Colleen Judd had a lot of questions she wanted to ask Matt about the accident and Wayne’s rescue, but Tori found her attention wandering. Her nursing career had led very directly to the area she had most wanted to work in and her position in the emergency department represented the goal she had been aiming for.
A career change that might take her in a completely new direction—onto the front line even—had never occurred to her. Until now.
‘I might think about what you said,’ she told Matt as they made their way back downstairs. ‘I could do with a new life.’
‘Really? You not happy with the old one?’
Tori could have sworn she read real concern in Matt’s eyes and she bit back the denial leaping to her lips.
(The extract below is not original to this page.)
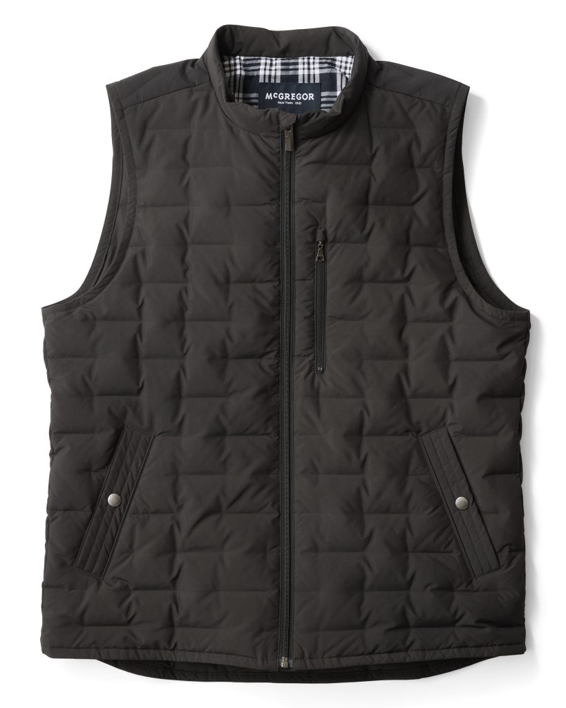 首元から覗くチェック柄もアクセントのシンプルシックなブラック。中綿の入れ方もスウィングの動きを妨げないよう計算された一枚に仕上がっている ●2万7500円(マックレガー)

‘It’s been a weird few months,’ she admitted. ‘I’m not enjoying anything right now as much as I used to.’
‘What happened to change things?’ Matt not only slowed down on the stairs, he paused on the landing. Tori stopped as well.
‘It’s your fault again,’ she said with a grin. ‘It was that USAR course that did it.’
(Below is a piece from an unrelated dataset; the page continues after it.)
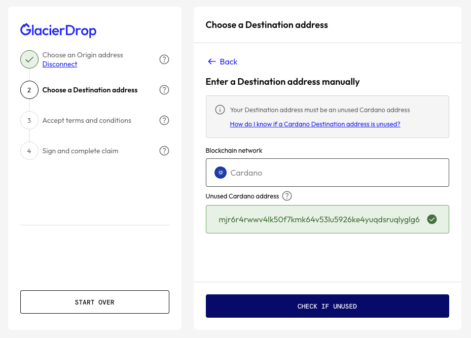 ・Destinationは未使用のCardanoアドレス必須。ウォレット接続なら未使用アドレスを提案/検証できます 。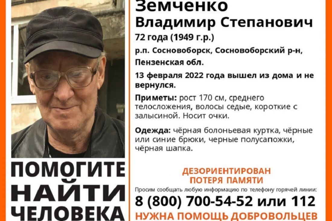 Как стало известно, Владимир Земченко ушел из дома накануне, 12 февраля, и до сих пор у родственников нет информации о его местонахождении.

Matt raised his eyebrows in both a silent protest and question.
‘You remember that cyclone that was happening in the Pacific then?’
Matt nodded but then frowned. ‘But USAR didn’t get activated for that.’
‘They sent a medical relief team, though, and thanks to doing that course, Sarah got called. I couldn’t go because my leg wasn’t up to it, but she went.’
‘Sarah’s your sister, yes?’
‘Foster-sister really, but we’re very close. We were both still living at home and we looked after Mum for ages before she died last year.’
‘I’m not quite following how this is my fault yet.’ Matt’s attention was fully focused on Tori and the sensation was far from unpleasant.
‘I went to that course and dragged Sarah along purely for your benefit, you know.’